Provider Practice Essentials registered nurse continuing education

Ultrasound Series: The FAST Exam

Camilo Mohar, DO

A commonly used ultrasound technique is the Focused Assessment with Sonography in Trauma (FAST). This exam identifies intra-abdominal bleeding. With the advent of ultrasound, many procedures have been relinquished to just the history of medicine. Likewise, deep peritoneal lavage (DPL) is one of those procedures. DPL was classically performed on patients with abdominal trauma who were deemed too unstable for CT. By testing for blood in the peritoneum, positive studies identified patients who needed emergent laparotomy. As a result of the FAST exam, this procedure is now rarely performed. Ultrasound has taken its place in the assessment of the undifferentiated hypotension in a trauma patient and here we discuss how to perform a FAST exam, when it should be used, and its clinical significance.


The FAST exam can also be considered by many to be part of the primary survey when performing ATLS [1]. This would be performed after the airway, breathing, circulation, c-spine, disability, and exposure have also been evaluated and stabilized [2]. The primary reason for this exam is to identify patients who are in hemorrhagic shock due to abdominal trauma.

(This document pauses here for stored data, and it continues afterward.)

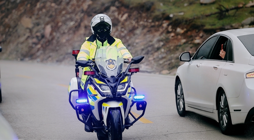 在毕棚沟路的一处观景台,记者遇到了正在巡逻的“枫警骑警队”。这支由精干警力组成的队伍,实行“定点值守+动态巡逻+快速快反+联动共治”模式——重点路段定点守、全线流动巡、突发情况马上到、多部门联动处,有效破解了山区路窄、弯多、应急慢的难题。
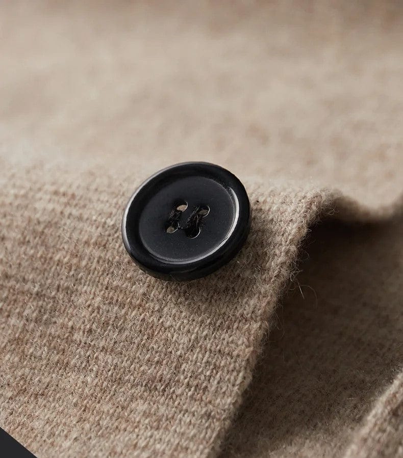 Es handelt sich um einen Cardigan-Pullover mit V-Ausschnitt und Knopfleiste, der aus gestricktem Stoff gefertigt ist, der weich und äußerst angenehm zu tragen ist. Er ist auch leicht zu waschen, was eine langanhaltende Haltbarkeit gewährleistet. Er ist leicht und fühlt sich gut in der Hand an, sodass Sie sich bei kaltem Wetter angenehm und warm fühlen.
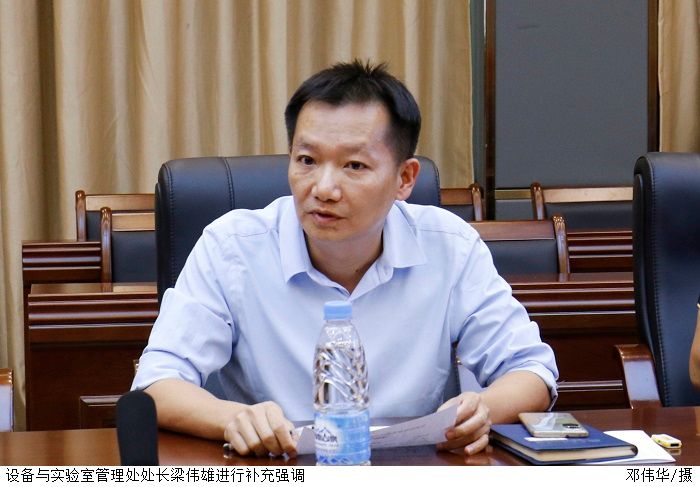设备与实验室管理处处长梁伟雄进行补充强调,各实验室需做到设备铭牌、放置地址与现处地址一一对应,实验室负责人需提前做好评估前部门访谈准备,同时实验室管理平台已基本完成,后期将对负责人进行统一培训。
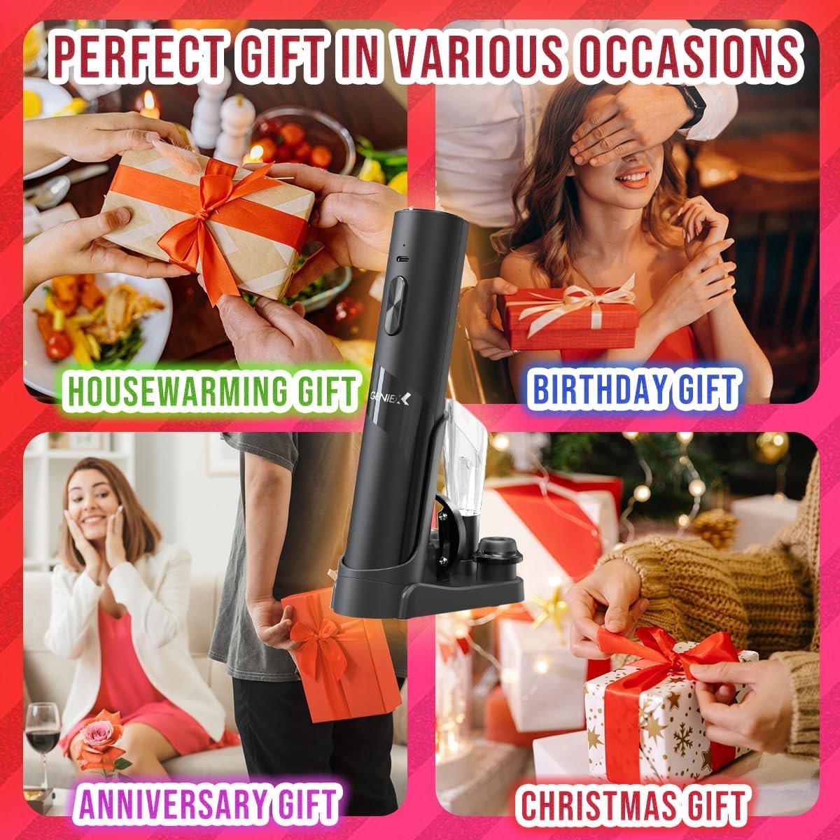 🍷【PERFECT HOUSEWARMING GIFTS】Suprise family or friend by presenting GenieX 6-in-1 Electric Wine Opener with Charging Base as welcome home gifts or Christmas gift. Besides, it is a perfect ThanksGiving Gift Housewarming Gift, valentines day gifts, birthdays gifts for women & men, anniversary gift for husband or wife, present for boyfriend or girlfriend, wedding registry gifts, party gifts and wine gifts for wine lovers… All-in-one wine kits, fast wine opening and safe operation, rechargeable in charging base with all wine tools well organized.
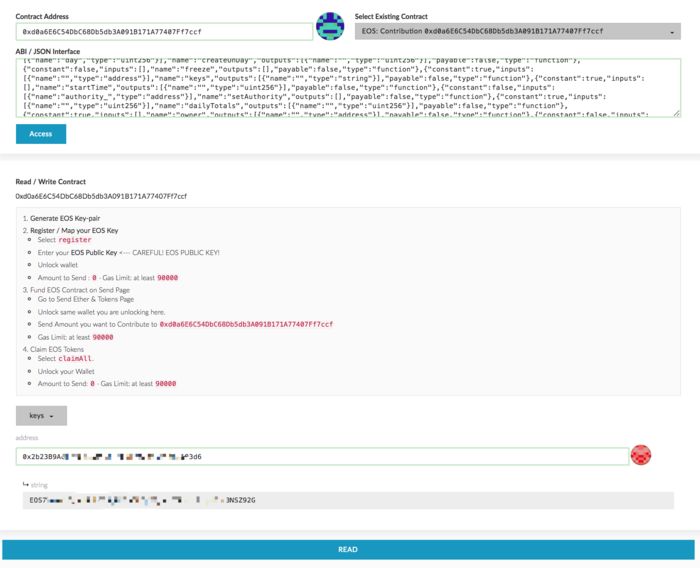 我们先来看下如何验证「映射是否成功?」,打开https://www.myetherwallet.com/页面,点击 Contract,下拉菜单选择EOS:Contribution 0xd0a6E...7ccf,点击 Access按钮,再选择keys下拉菜单,在 address栏填入你的ETH地址,点击READ,就可以查看你的映射情况,如下图所示,说明是映射过了的。
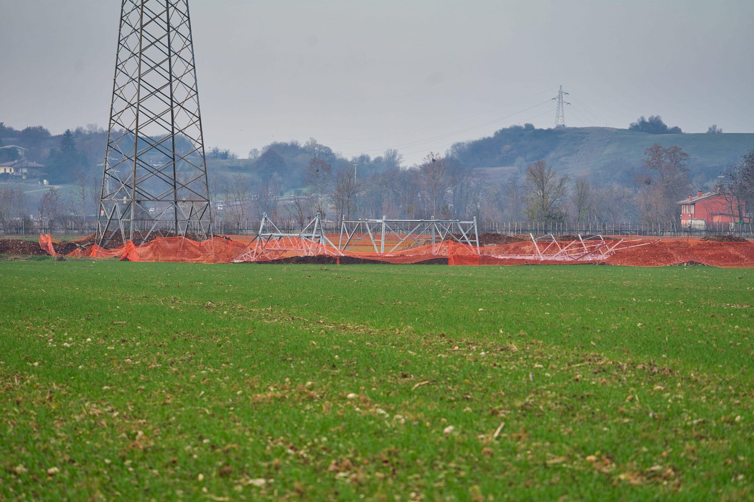Si stanno assemblando i nuovi pali che reggeranno i cavi di AT che sostituiranno gli esistenti, probabilmente per rimuovere le interferenze.

Do all trauma patients get a FAST exam? This is debatable. Most guidelines state that FAST should be performed if a trauma patient is hypotensive, and/or too unstable for CT. CT imaging is the preferred study for stable patients. This is partly due to ultrasound’s limitations in identifying traumatic injuries. Ultrasound can identify intra abdominal fluid, however it has poor specificity. Likewise, fluid can be blood or ascites. The amount of fluid needed to appear on a positive exam can also limit its utility. The minimum amount to produce a positive finding is generally two hundred mL of fluid [3]. Some experts recommend placing the patient in trendelenburg. This increases the amount of fluid collection in Morrison’s pouch and likewise makes interpretation easier.

Location and Relevant Normal Anatomy

The FAST exam evaluates the abdomen for internal bleeding. Therefore, anatomic locations for probe placement include the A) right flank at Morrison’s pouch, B) the left flank at the splenorenal process, C) the suprapubic location above the bladder and D) the subxiphoid cardiac window .

FAST Exam locations

Probe Selection and Position

This is an abdominal ultrasound and therefore requires the curvilinear array. If this probe is not available, a phase array can also be used.

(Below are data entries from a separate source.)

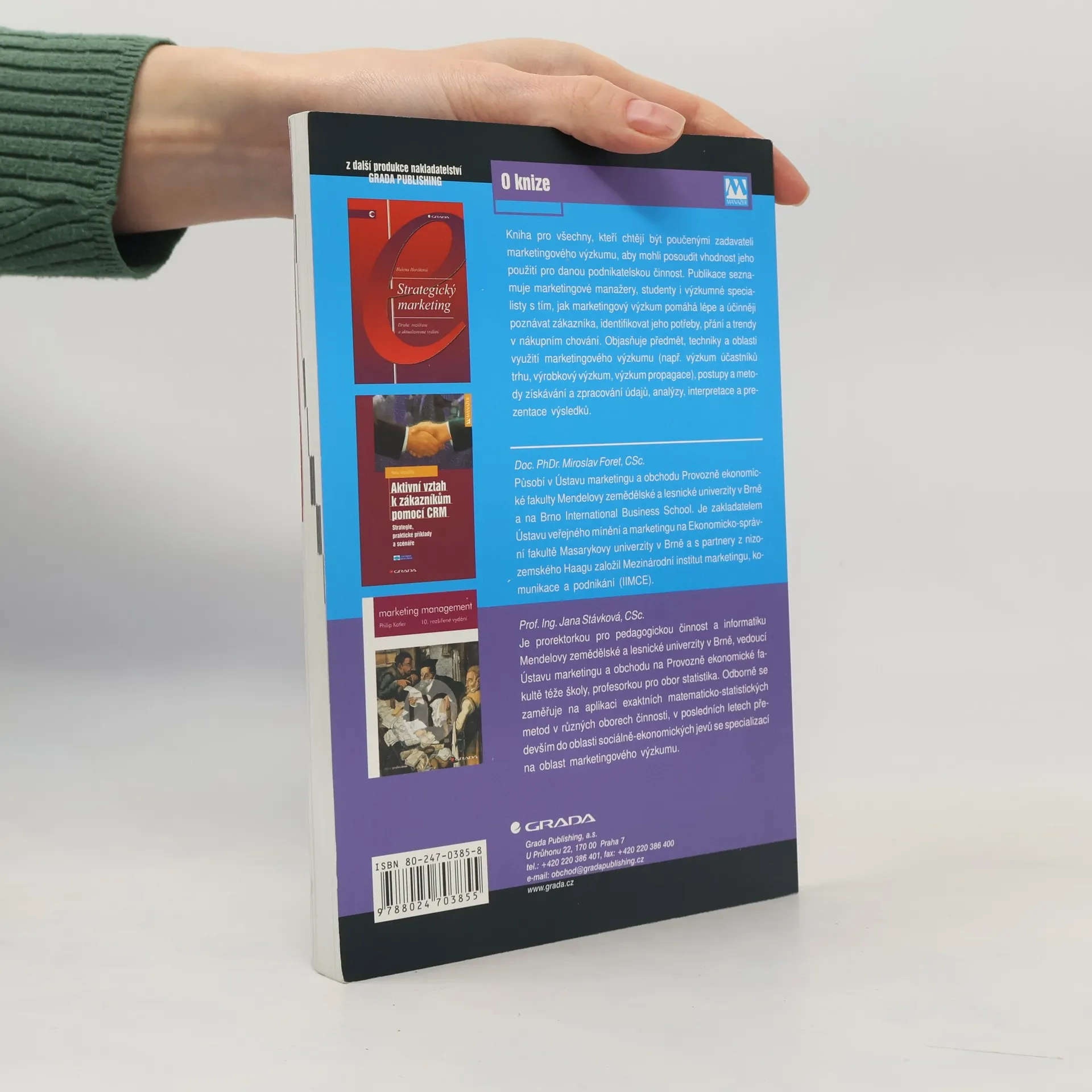 Kniha seznamuje zadavatele marketingového výzkumu, marketéry, studenty i výzkumné specialisty s tím, jak marketingový výzkum pomáhá účinněji poznávat zákazníka, jeho potřeby, přání a trendy v nákupním chování. Objasňuje předmět, techniky a objekt výzkumu, postupy a metody získávání a zpracování údajů, analýzy, interpretace a prezentace výsledků.
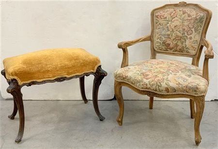 Lotto composto da una poltroncina e un panchetto di forma mossa in legno intagliato (difetti)
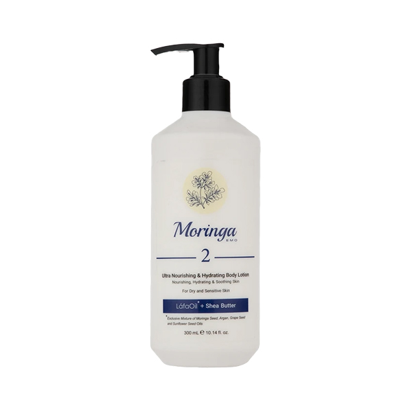 لوسیون بدن فوق مغذی و آبرسان مورینگا امو مخصوص پوستهای خشک و حساس مدل شماره 2 حجم 300 میل
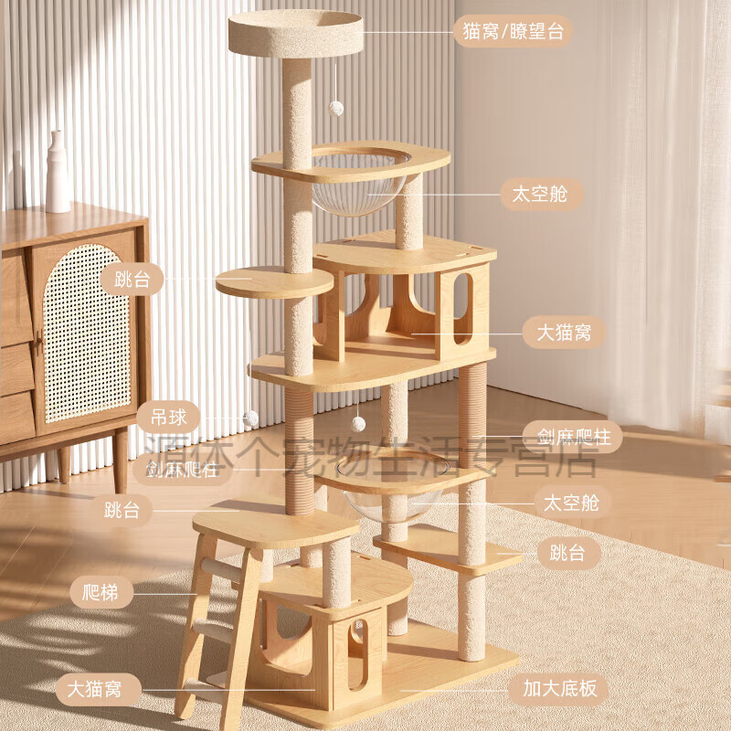 宠袋猫爬架猫窝猫树一体实木猫架子通天柱太空舱剑麻玩具猫咪用品 喵尼卡MNK1
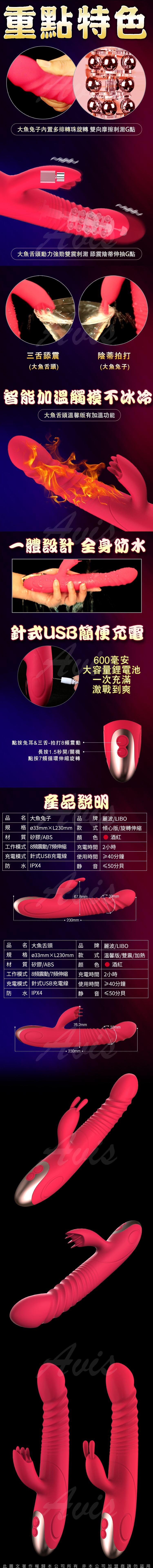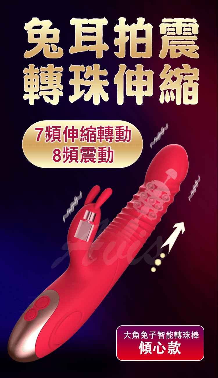 .商品名稱:LIBO-大魚兔子 8x7段伸縮變頻雙震G點轉珠按摩棒 傾心版
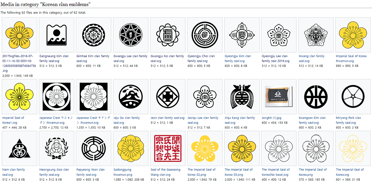 https://commons.wikimedia.org/wiki/Category:Korean_clan_emblems
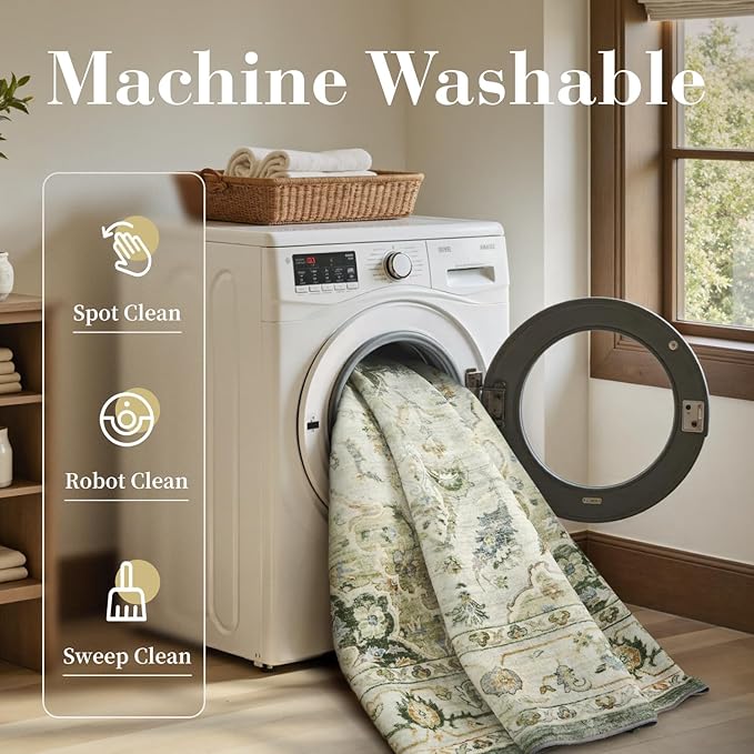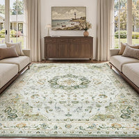 PADOOR-Vintage Area Rug 8X10 Rugs for Living Room-Soft Green Rugs for Bedroom-Machine Washable Rug Non Slip Carpet-Rug for Dining Room Living Room Bedside Office
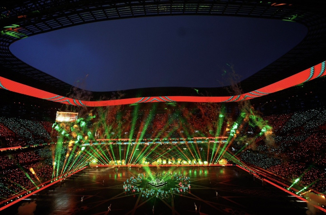 Performers moved in carefully choreographed patterns across a pitch transformed by colour and light, reflecting the continent’s diversity and football heritage.

Expected Positive Findings

The presence of dark (black) fluid in any of these areas is presumed to be blood until proven otherwise. Identification of a fluid space between organs takes a keen eye. Evidence of fluid around the bladder suggests peritoneal bleeding or bladder rupture. The subxiphoid view also provides insight into cardiac injury, and subsequent pericardial effusion. Any evidence of fluid in any of these four locations is a positive result. Laparotomy is indicated when a positive fast is performed in an unstable patient.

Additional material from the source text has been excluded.